Мне больше всего понравились жонглеры. Это, по-моему, настоящее искусство, и оно учит нас, как много может достичь человек, если будет постоянно работать над собой…
Замечу, что такого рода суждений в детской литературе 70-х годов было предостаточно. Но кто теперь помнит те книжки? Они свое дело сделали — были нами в свое время прочитаны, и ни к чему их сегодня разыскивать и цитировать. Достаточно “Девочки и птицелета” — тут о цирке сказано почти всё, что внушали нам наши родители, разве что не присутствует тема измученных задрессированных животных. И всё — истинная, хотя и скучная, правда. Грубость, жестокость и бессмыслица — полноправные составляющие циркового действа. Необходимые составляющие.
Но — не достаточные.
К счастью, у нас были и другие книги.
Возможно, мы поступаем опрометчиво, придерживаясь обычая водить детей в цирк. И прежде всего потому, что в детстве зрелище помпезное и таинственное, вульгарное и преисполненное грубой силы может уже на всю жизнь заронить в душу маленького зрителя желание постичь его тайну, проникнуть за красный занавес, отделяющий арену от недр артистических уборных. Потом мы долго не можем отделаться от неясного ощущения таинственности того, что для взрослых вздор и мишура. А если годы спустя вновь приблизимся к цирку, то не найдем там ни глубины, ни таинственности, а зачастую увидим эксплуатацию, жестокость и заурядные человеческие страсти.

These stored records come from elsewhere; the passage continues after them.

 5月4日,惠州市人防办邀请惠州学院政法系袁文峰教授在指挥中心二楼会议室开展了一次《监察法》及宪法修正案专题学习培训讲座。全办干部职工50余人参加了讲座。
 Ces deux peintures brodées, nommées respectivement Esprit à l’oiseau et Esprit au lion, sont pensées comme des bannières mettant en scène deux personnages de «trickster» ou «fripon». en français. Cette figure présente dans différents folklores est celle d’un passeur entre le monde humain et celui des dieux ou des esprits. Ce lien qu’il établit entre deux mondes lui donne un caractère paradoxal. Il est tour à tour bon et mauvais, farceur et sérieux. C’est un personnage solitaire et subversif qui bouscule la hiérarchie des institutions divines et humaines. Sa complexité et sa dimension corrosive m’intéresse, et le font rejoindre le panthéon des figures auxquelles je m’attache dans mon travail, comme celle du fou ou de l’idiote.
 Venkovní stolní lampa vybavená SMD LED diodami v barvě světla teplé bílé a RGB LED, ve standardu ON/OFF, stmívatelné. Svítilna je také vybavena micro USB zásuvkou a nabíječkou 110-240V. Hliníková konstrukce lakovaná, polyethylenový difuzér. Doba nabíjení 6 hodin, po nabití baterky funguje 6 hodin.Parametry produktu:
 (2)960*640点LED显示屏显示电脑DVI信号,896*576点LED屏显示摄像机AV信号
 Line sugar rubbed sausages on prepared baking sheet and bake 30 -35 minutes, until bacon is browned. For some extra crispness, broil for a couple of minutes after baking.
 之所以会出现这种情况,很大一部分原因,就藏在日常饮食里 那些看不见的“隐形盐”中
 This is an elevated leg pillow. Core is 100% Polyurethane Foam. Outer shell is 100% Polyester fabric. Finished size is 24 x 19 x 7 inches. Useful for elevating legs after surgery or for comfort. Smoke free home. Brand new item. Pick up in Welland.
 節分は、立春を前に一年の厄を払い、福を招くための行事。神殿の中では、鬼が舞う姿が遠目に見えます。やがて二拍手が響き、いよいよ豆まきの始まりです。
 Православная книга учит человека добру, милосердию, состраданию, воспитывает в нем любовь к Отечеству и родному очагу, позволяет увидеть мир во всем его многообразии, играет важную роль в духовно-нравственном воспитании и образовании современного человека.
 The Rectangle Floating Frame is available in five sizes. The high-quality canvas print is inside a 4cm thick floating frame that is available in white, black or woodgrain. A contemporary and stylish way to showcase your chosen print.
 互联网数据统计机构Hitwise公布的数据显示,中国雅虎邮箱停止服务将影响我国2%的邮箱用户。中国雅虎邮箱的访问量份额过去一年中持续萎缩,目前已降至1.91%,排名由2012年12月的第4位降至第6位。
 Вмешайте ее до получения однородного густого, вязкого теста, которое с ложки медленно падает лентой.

Впрочем, не стоит углубляться в так называемую философию цирка…*
Детство
Что ж, не будем углубляться в “философию цирка”. Но я недаром начала с рассказа о том, что в детстве в цирк не ходила. И недаром вспомнила о специфически детской литературе. Понятия “цирк” и “дети” — одного корня. Уже третьекурсницей, впервые попав на цирковое представление, я отчетливо ощутила — вместе с запахом грима и конюшни — щемящую тоску по старому доброму цирку, которого не знала в детстве, но который в здоровом детстве быть непременно должен…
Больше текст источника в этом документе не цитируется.